A time series is a sequence of measurements over a period of time. For example, if you recorded the temperature outside at every hour, the time series would be each of the values at every hour: 8:00 am - 55°, 9:00am - 57°, 10:00 am - 58°, and so on. Time series allow you to easily see changes over time when displayed as a chart.
Here’s an example of a time series for the
http.request metric being reported by two agents (the first number in each array is a timestamp):
[1607986123, 50.0] [1607986125, 100.0]
When displaying time series data, you may want the visualization of the data to be different depending on what you’re measuring. For example, if you’re measuring the temperature, you want to see the actual temperature at a particular point in time. Seeing just the change between the points in time would not be very helpful. A 5° between 50° and 55° is not a big deal, but it might be if it was between 95° and 100°. But if you were measuring HTTP requests to an endpoint, then you might only want to know about the change, or even the rate of change since the last point in time. Did the request rate go up or down? And by how much?
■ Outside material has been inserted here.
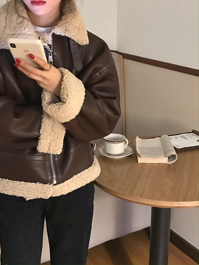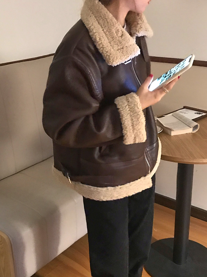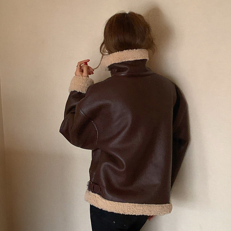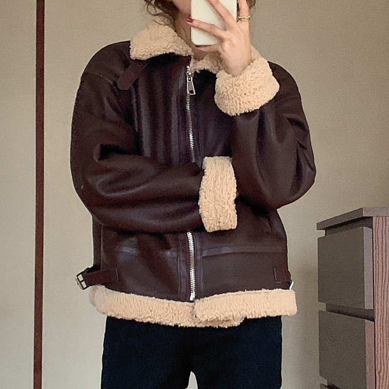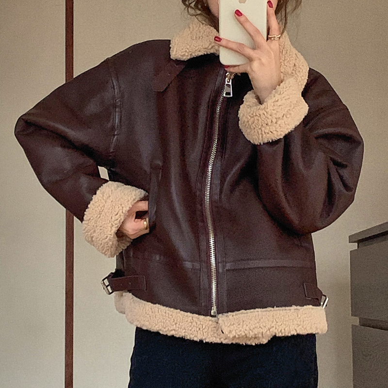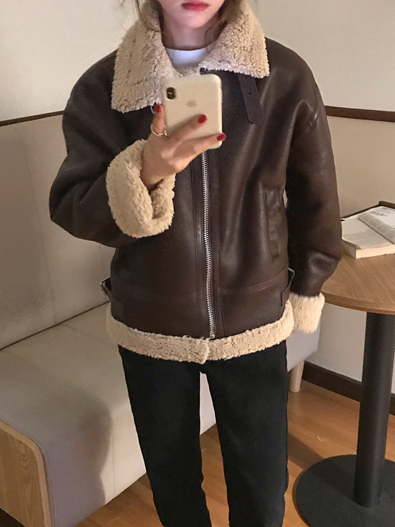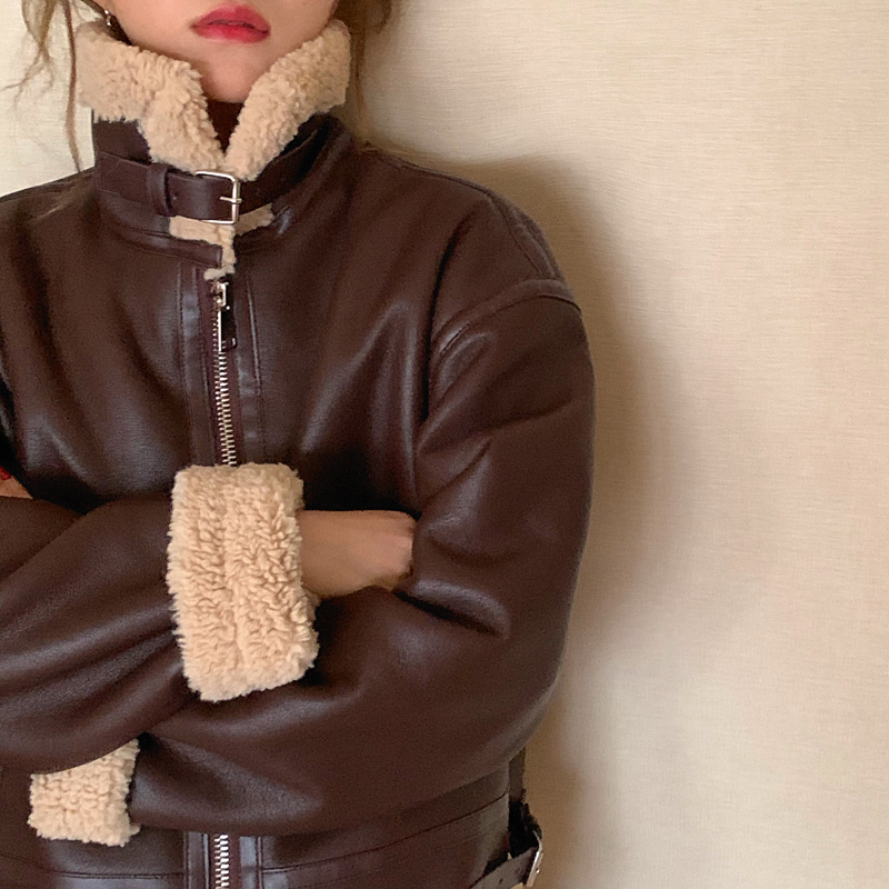 实价实拍三标齐韩版加厚皮毛一体羊羔毛保暖机车皮外套

Because of these differences, Cloud Observability supports gauges and two types of counters - deltas and cumulative.
Metrics must be labeled as their kind before they are ingested. If when first ingested a metric name doesn’t match the kind recorded, it will be rejected and an error will be sent back to the client. If you want to change a metric’s kind, contact Customer Success at email@example.com.
Gauges represent an observed value at a specific point in time or over a specified range of time. Temperature readings are an example of a gauge metric. CPU usage is another example; you want to know exactly how much of an available resource is being used at a given point in time. Gauges are best when you don’t much care about the degree of change over time - you want the actual number at that time.
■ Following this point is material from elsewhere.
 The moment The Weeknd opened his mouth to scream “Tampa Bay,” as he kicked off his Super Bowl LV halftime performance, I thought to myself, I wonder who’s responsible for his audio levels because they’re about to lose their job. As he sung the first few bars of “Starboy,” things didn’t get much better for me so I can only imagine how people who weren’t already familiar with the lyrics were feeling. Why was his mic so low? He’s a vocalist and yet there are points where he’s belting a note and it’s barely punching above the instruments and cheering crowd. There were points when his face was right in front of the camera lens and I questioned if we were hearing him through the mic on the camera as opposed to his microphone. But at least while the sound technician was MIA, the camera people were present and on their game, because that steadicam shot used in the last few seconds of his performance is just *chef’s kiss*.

Deltas show how the values change from one reporting period (point on the graph) to the next. HTTP requests is an example of a delta metric. You want to see if requests are going up or down, and by how much.
Cumulative metrics add their value to the last value. They count the total number of things at a specific point in time, but as opposed to deltas, each value uses the same “start” timestamp to determine the value. An example of a cumulative metric is total web page hits. The value at each point in time increases from the last value, and you want to know how many of something you have accumulated at a given point in time.
A metric type represents the value type being reported. Cloud Observability supports the following metric types:
For existing Cloud Observability customers interested in tracking distribution metrics, please opt-in here. For new customers, this feature is already enabled in your account.
Aggregation is the process of taking the metrics stored in the database that may be irregularly spaced and converting these into the data points shown on the chart that are spaced evenly. That spacing (also called output period) is calculated by Cloud Observability such that, regardless of the query duration, each chart contains roughly 120 data points.
For example, if a chart is displaying an hour of data, there will be 2 data points per minute, or one every 30 seconds. What exact values are displayed every 30 seconds depends on the aggregation method you choose.
The minimum output period is 30 seconds.
Below, we will describe three different ways of performing aggregation.
latest operator can be used only for gauge-type metrics, and displays the last value reported to the database for a time period. So for example, if Cloud Observability receives a gauge time series array of
[71, 71, 71.5, 72] for a time period, Cloud Observability displays the value
72 and drops the others.
latest operator can only be used with gauge-type metrics.
delta operator computes the difference since the previous value. If Cloud Observability ingests a time series array for a delta metric kind of
[1,1,1,2,2,2,3,3] and the time series operator is set to
delta, Cloud Observability computes the value
15- the total amount that value changed since last reported. Deltas are useful when you want to know how much something has changed over a period of time. If you use
delta for something like HTTP requests, you’d be able to see how the number of requests has changed at a particular point in time.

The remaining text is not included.